Grady pulled back after a lot longer than he’d planned, their lips still brushing as he spoke.
“You wanna come in now?”
“Yeah, all right,” Cole breathed out against his lips. Grady kissed him again.
It was pitch black by the time Grady pulled away for good only to lean back in and press another firm kiss to Cole’s lips before sliding his hand down to tangle his fingers with Cole’s. He guided him out of the brush, letting him go once they were on the road.
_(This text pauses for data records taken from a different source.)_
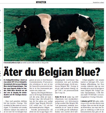 Idén till artikeln Äter du Belgian Blue? fick Linda Sörensson när hon låg i sängen på morgonen och slog på en debatt på SVT 24. Där pågick en debatt om korasen och den dubbelmoral som finns i svensk köttindustri.
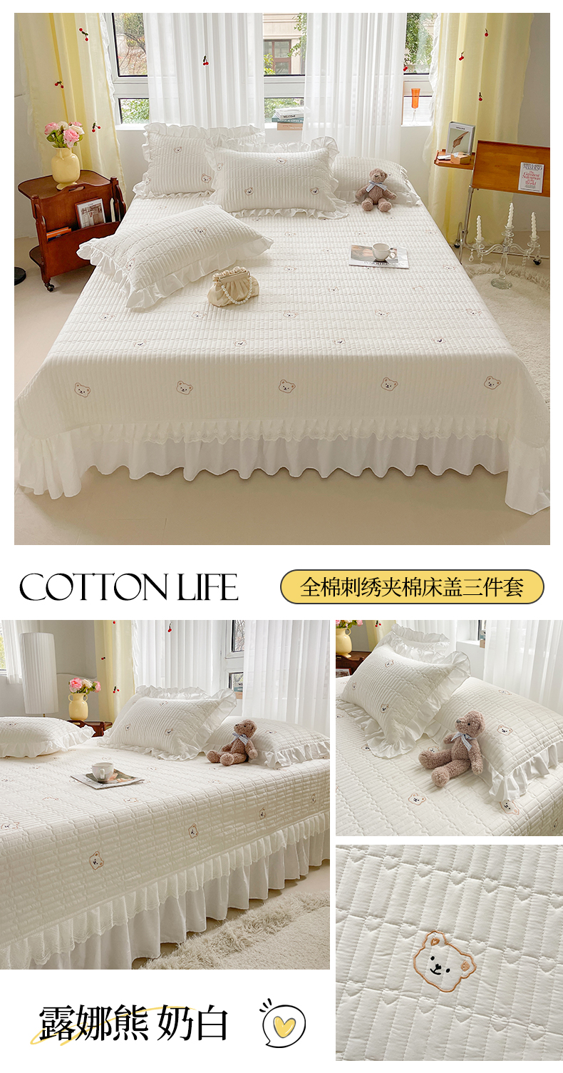 商品名称:宜凡家纺 2024新款全棉夹棉绣花花边系列床盖三件套 露娜熊-奶白
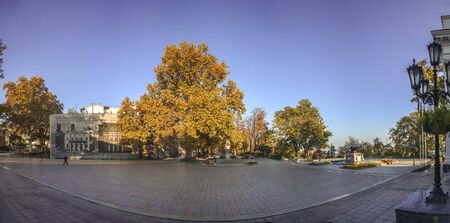Odessa, Ukraine - 09.11.2018. Golden autumn morning on Primorsky Boulevard in Odessa, Ukraine. HDR panoramic view

“Go on then,” he said as he grabbed Red by the reins.
Cole hoisted himself up and shuffled forward. Grady came up behind him, and they cantered back to the house, Cole cradled snugly between Grady’s hands on the reins, his thighs on the saddle.
Once they were back and Red was unsaddled, Grady said, “You wouldn’t think we got another full day of it tomorrow.”
“Sorry.”
“I’m just messin’.” Grady grabbed Cole around the shoulders and tugged him into the house under the crook of his arm. Cole snorted a laugh and dropped his head down as they went in.
Grady let him go in the kitchen, and Cole set about making the dinner. Grady took a seat at the little table, got out his ledger, and calculated how many sheep they’d done, worked out how they’d look for the next two weeks if they kept this pace, and reckoned they’d be looking good.